Strides are an important discrete hyperparameter in convolutional neural networks. Together with pooling layers they control the amount of downsampling happening in the data processing, and changes in them can significantly affect accuracy. Therefore, a costly hyperparameter search for the best strides is often necessary to reach optimal performance of a CNN.
What if we could learn the best strides directly instead of performing a discrete search? [Ria22L] introduces the DiffStride layer that does exactly that - a keras implementation is provided by the authors.

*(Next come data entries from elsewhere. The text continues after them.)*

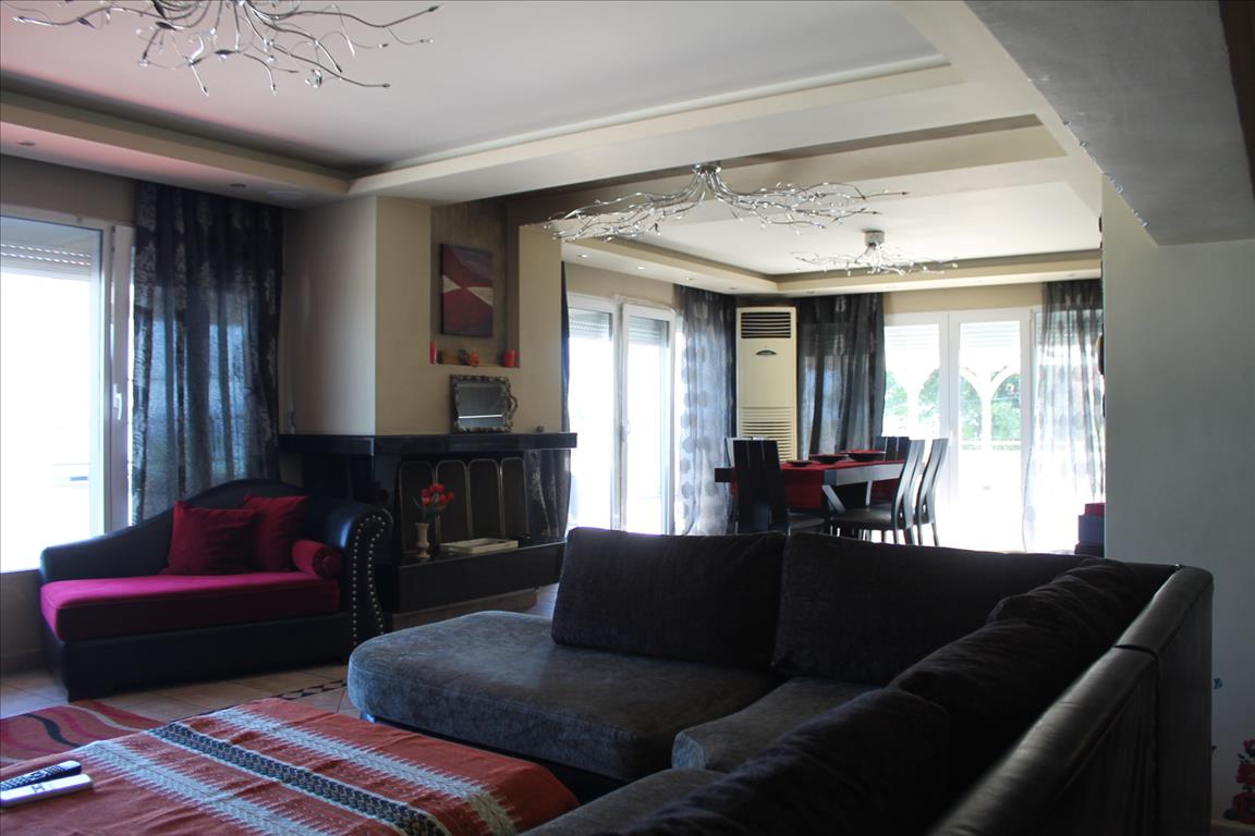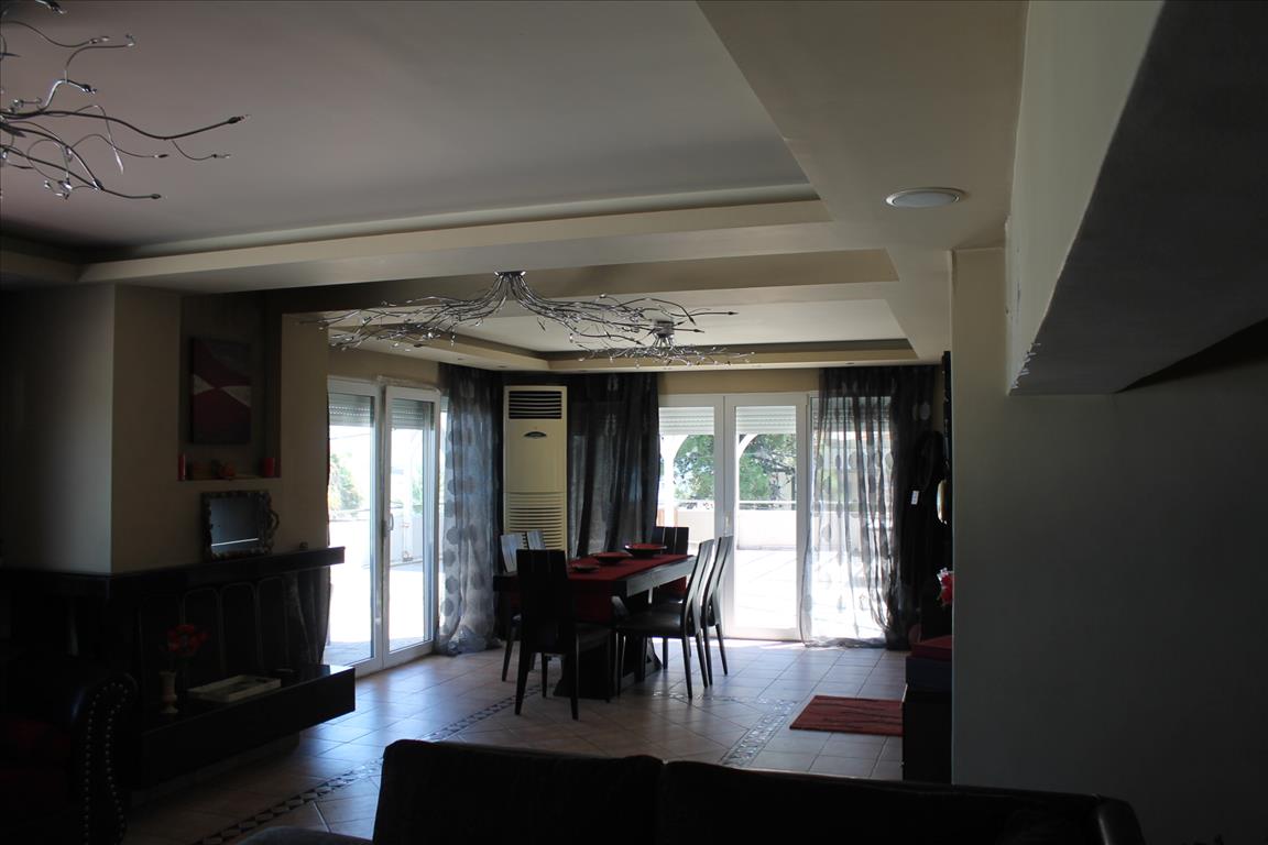 Apartment for sale 210 sq. m. in Kassandra, Halkidiki, Greece The apartment is located on the second floor and consists of 3 bedrooms, living room with kitchen, living room, 3 shower rooms. The Windows offer views of the sea. The object has solar panels for water heating, fireplace, air conditioning. The property is sold with furniture. The object has an alarm system. To the property belongs a Parking space.
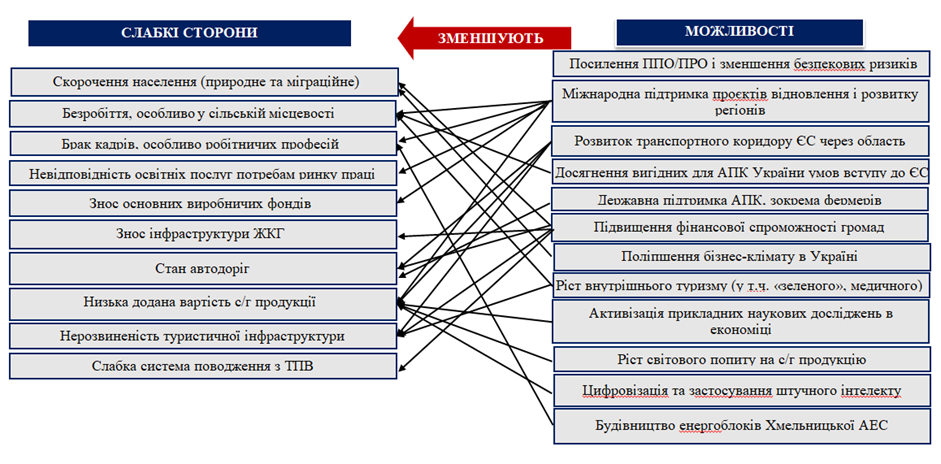 РЕЗУЛЬТАТИ SWOT-TOWS АНАЛІЗУ ДЛЯ ХМЕЛЬНИЦЬКОЇ ОБЛАСТІ
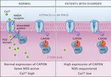- ↑ Sanders KM, Ward SM (January 2019). "Nitric oxide and its role as a non-adrenergic, non-cholinergic inhibitory neurotransmitter in the gastrointestinal tract". British Journal of Pharmacology. 176 (2): 212–227. doi:10.1111/bph.14459. PMC 6295421. PMID 30063800.
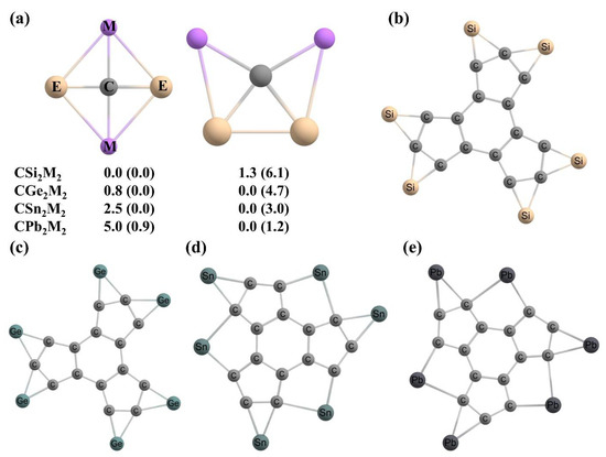 (a) The structure and relative energies (kcal mol−1) of the global minima and second stable isomers of CE2M2 (E = Si–Pb, M=Li, and Na) at the CCSD(T)/def2-TZVP level. The values without and within parentheses correspond to clusters with Li and Na, respectively. The lowest energy structures of (b) Si6C15, (c) Ge6C15, (d) Sn6C15, and (e) Pb6C15 systems.
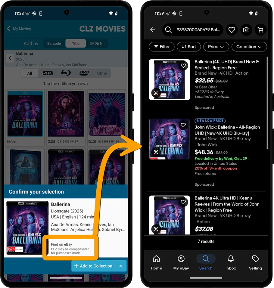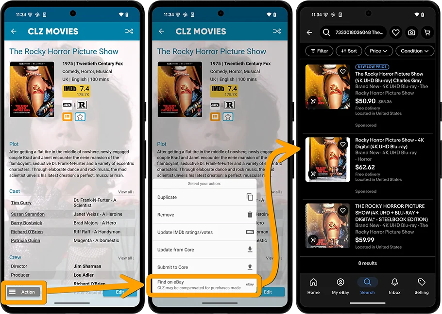 the app now includes automatically generated eBay search links, that let you find eBay listings for that particular movie.
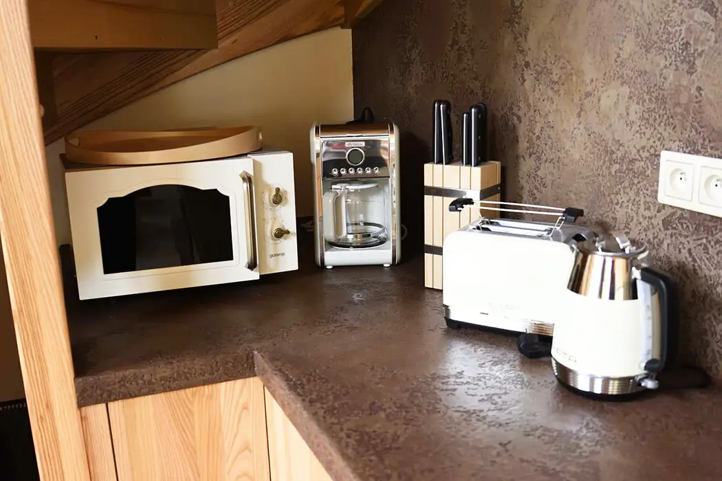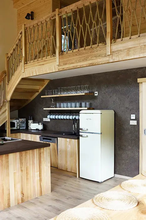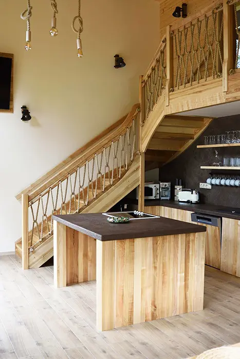 V přízemí - prostorná obytná část s posezením, krbová kamna, veliký jídelní stůl a židle - spojená s kuchyní - el. trouba, keramická varná deska, mikrovlnka, varná konvice, lednice, myčka, nádobí. V patře 5 ložnic - 5x2 lůžka. Soc. zařízení - 3x koupelny se sprchou, umyvadlem, 3x WC. Topení - krbová kamna, el. podlahové
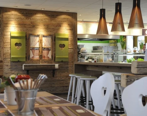 Dass Fast Food und gesunde Ernährung sich nicht ausschließen, zeigen Heidi und Paul. Hier sind frische Bio-Zutaten und schonende, fettarme Zubereitung - in der offenen Showküche - selbstverständlich.
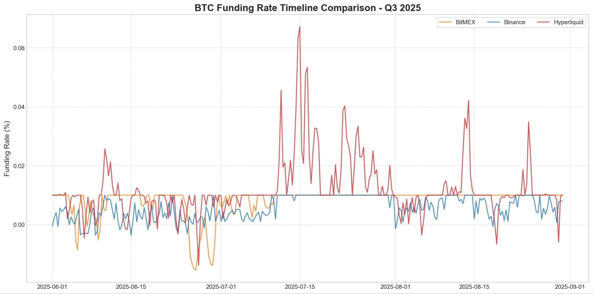 图 3:2025 年第三季度各交易所 BTC 资金费率的差异走势。Hyperliquid(红色)表现出显著的波动性,且急剧上涨通常超过 0.01% 的上限。相比之下,BitMEX(橙色)和币安(蓝色)提供了更稳定的利率环境。
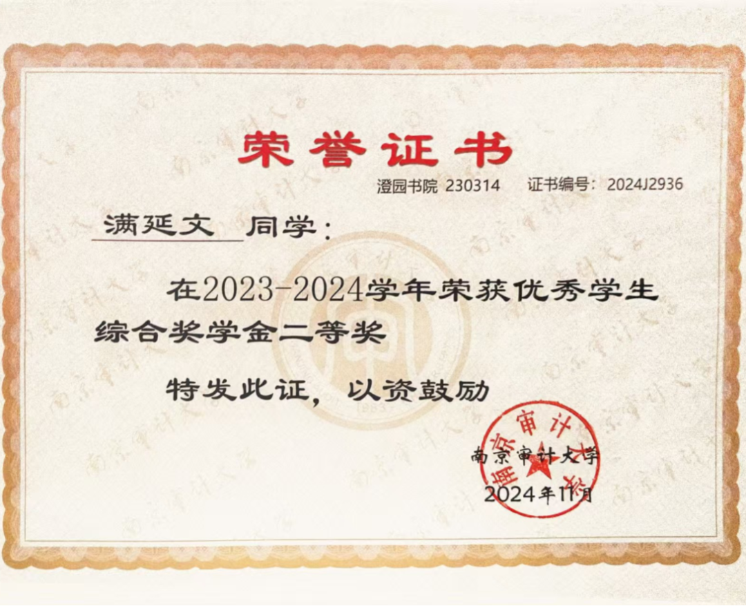 数学一直是我的短板,看着能报补习班的同学,我心里非常羡慕,但家里负担多个孩子的生活费都已经很困难,实在不能拿出额外的钱来上补习班。好在高中获得的国家资助金,那笔钱不多,却够交学费、买复习资料,让我不再为生活费分心。这是我第一次真切感受到,有人在托着我往上走。我深知要更加努力才能对得起这份资助,于是我比别的同学起得更早去背单词,睡得更晚去刷数学题......最终,我拿到了南京审计大学的录取通知书。
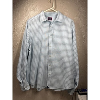 UNTUCKit Linen Check Plaid Long Sleeve Button Up Shirt Blue Mens Size Large
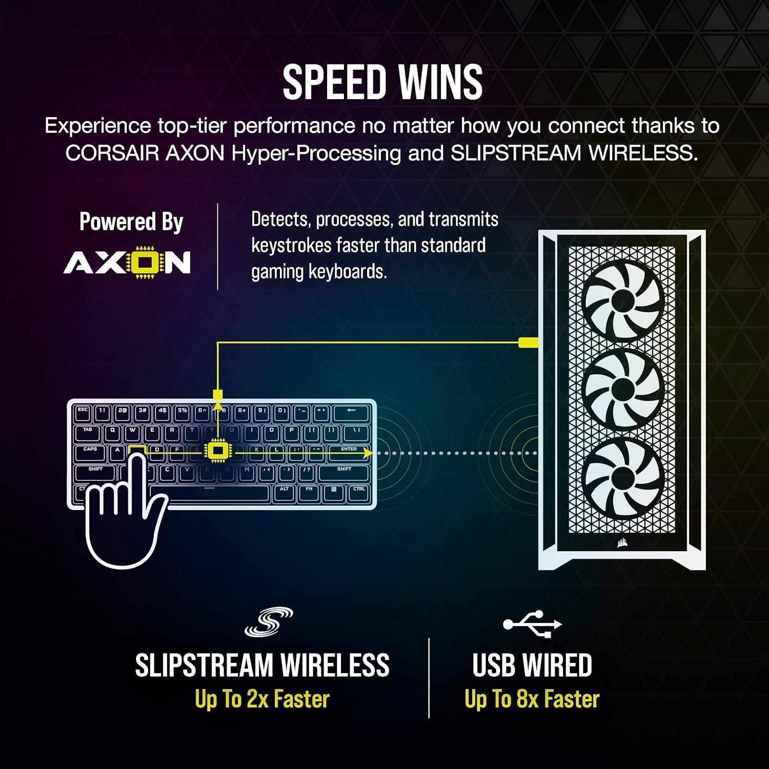 Play at AXON-Speed: CORSAIR AXON Hyper-Processing Technology gets your actions from the keyboard to the game up to 8x faster than standard gaming keyboards, while playing up to 20 RGB lighting layers.
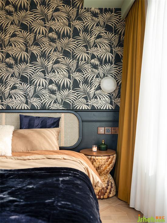 姜黃沒有檸檬黃的張揚(yáng),也沒有土黃的暗沉,明亮得恰到好處,絲絨窗簾的點(diǎn)綴平衡南洋風(fēng)情與復(fù)古。
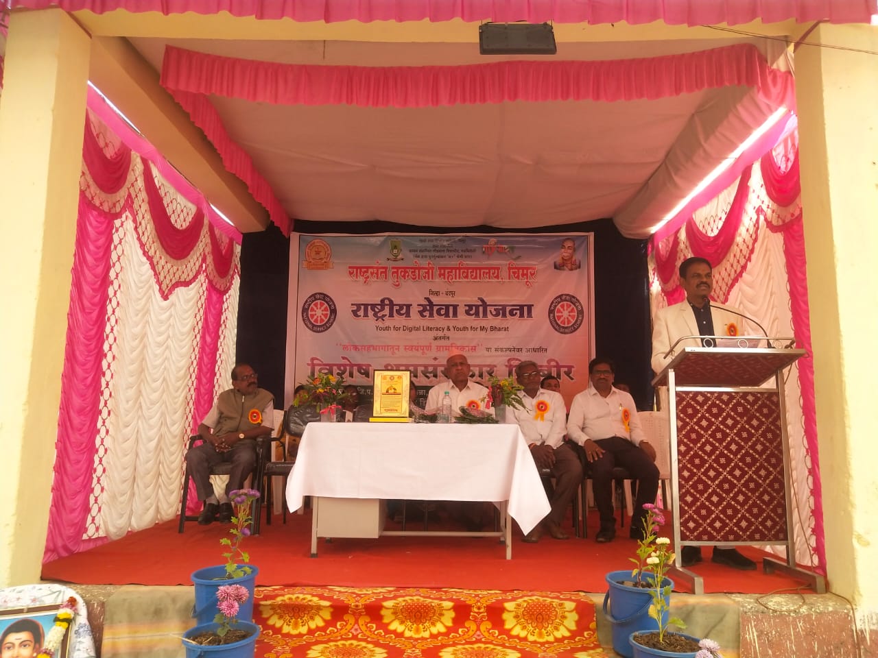 चिमूर :- राष्ट्रसंत तुकडोजी महाविद्यालय चिमूर येथील राष्ट्रीय सेवा योजना पथकाचे निवासी शिबिर गट ग्रामपंचायत शिरपूर येथे दिनांक२४ डिसें ते ३० डिसें २०२५ या कालावधीत आयोजीत करण्यात आले आहे. Digital literacy and my youa Bharat अंतर्गत लोकसहभागातून स्वयंपूर्ण ग्रामविकास या संकल्पनेवर आधारित आहे. दिनांक 25 डिसेंबर ला श्रमसंस्कार शिबिराचे उद्घाटन संपन्न झाले.
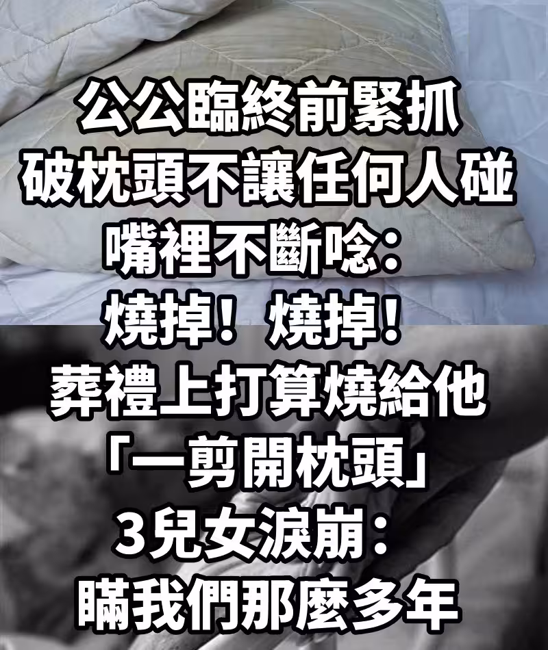 公公臨終前「緊抓破枕頭不讓任何人碰」嘴裡不斷念:燒掉!燒掉! 葬禮上打算燒給他「一剪開枕頭」3兒女淚崩:瞞我們那麼多年
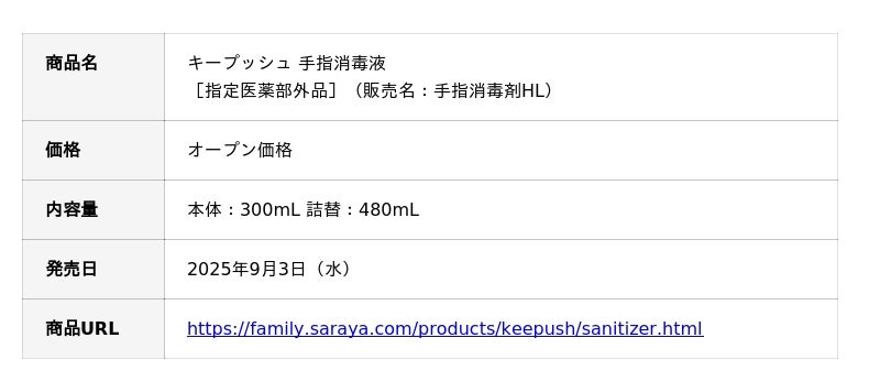 サラヤ株式会社(本社:大阪/代表取締役社長:更家悠介)は、持続する殺菌成分*でお出かけ前から清潔がつづく新発想の手指消毒液「キープッシュ 手指消毒液」を2025年9月3日(水)より、新発売することをお知らせいたします。
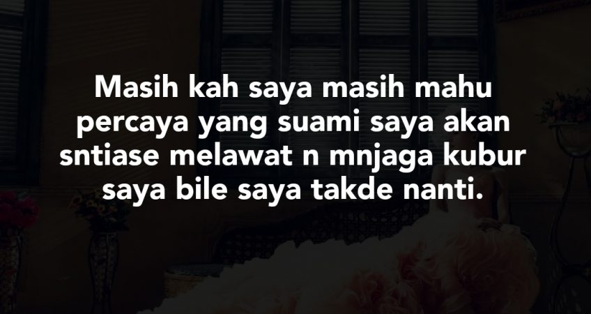 Yang nak di jadikn cerita. tetibe2 saya teringt arwah kakak suami yang dh pergi kira2 20 thun lpas. Sepanjng saya khwin saya tak pernh nmpk n tahu bile kli terakhir suami pergi mlawat kubur kakak nyer… jadi saya pun tnyer. awak tak nak g kubur arwah kakak ker?? Bersih2kn kubur arwah kakak ker. kan darh daging awak tu. suami jwab trgagap2 nnti kite g eh…
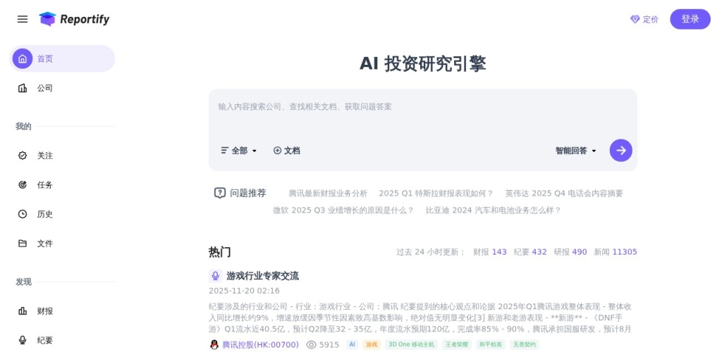 核心优势:Reportify能够将传统需要数小时完成的投资研究报告分析工作,压缩到几分钟内完成,并保持极高的准确性和洞察深度。
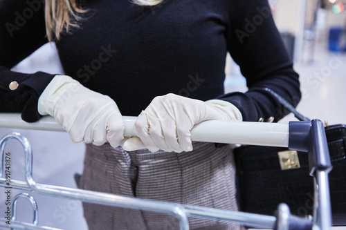 Hände in Einweghandschuhen schieben Einkaufswagen
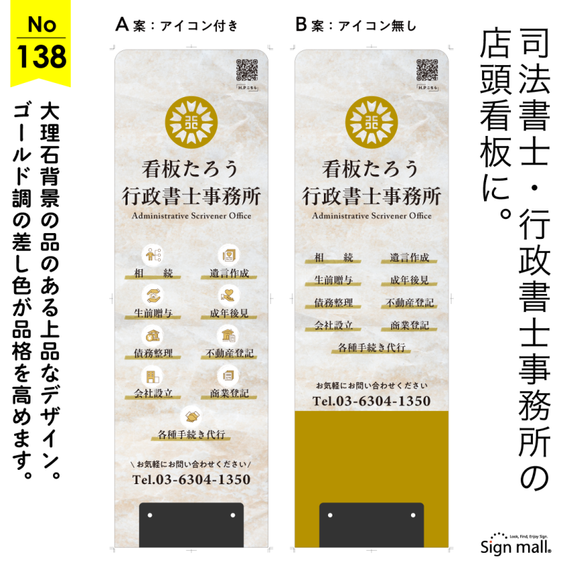 大理石調の落ち着いた信頼感と品のある行政書士・司法書士事務所向け看板デザイン例

There are two main ideas underlying the new layer:
- Instead of reducing the image size through strided convolution followed by pooling, it is done by cropping the discrete Fourier transform (DFT) of the image around its center and transforming back. This operation is a low pass filter, the DFT is differentiable and pooling of this type, called “Spectral Pooling” [Rip15S], has been shown to perform well in CNNs.
- While cropping to a fixed size box is non-differentiable (in the size of the box), this cropping can be softened to multiplication with a parametrized, mask-like matrix which is differentiable in the parameter governing its size. This mechanism was put forward in “Adaptive attention span in transformers” [Suk19A] for learning the size of attention context in transformer layers. The soft mask from that paper is shown in the figure. The parameter $z$ determines its size, taking a derivative w.r.t. $z$ results in a non-trivial gradient because of the non-constant profile of the soft mask and thus $z$ can be learned through gradient descent. $R$ becomes a hyperparameter of the neural network.
The DiffStride layer is a combination of these ideas - a 2-dimensional soft mask, analogous to the one-dimensional discussed above, is multiplied with the DFT of the input. The height and width of the soft mask can be learned through gradient descent. The region in which the soft mask is zero is cropped (a non-differentiable operation which is performed with stop-grad) and the inverse DFT results in a smaller image. This processing is displayed in the architecture diagram below.
Experiments show that comparable or even slightly better performance to optimal strides (found through discrete search) in a normal Resnet can be reached starting out with random strides and using the new DiffStride layer. This paper is thus a valuable contribution for all practitioners who don’t want to run a hyperparameter search over strides when training a CNN.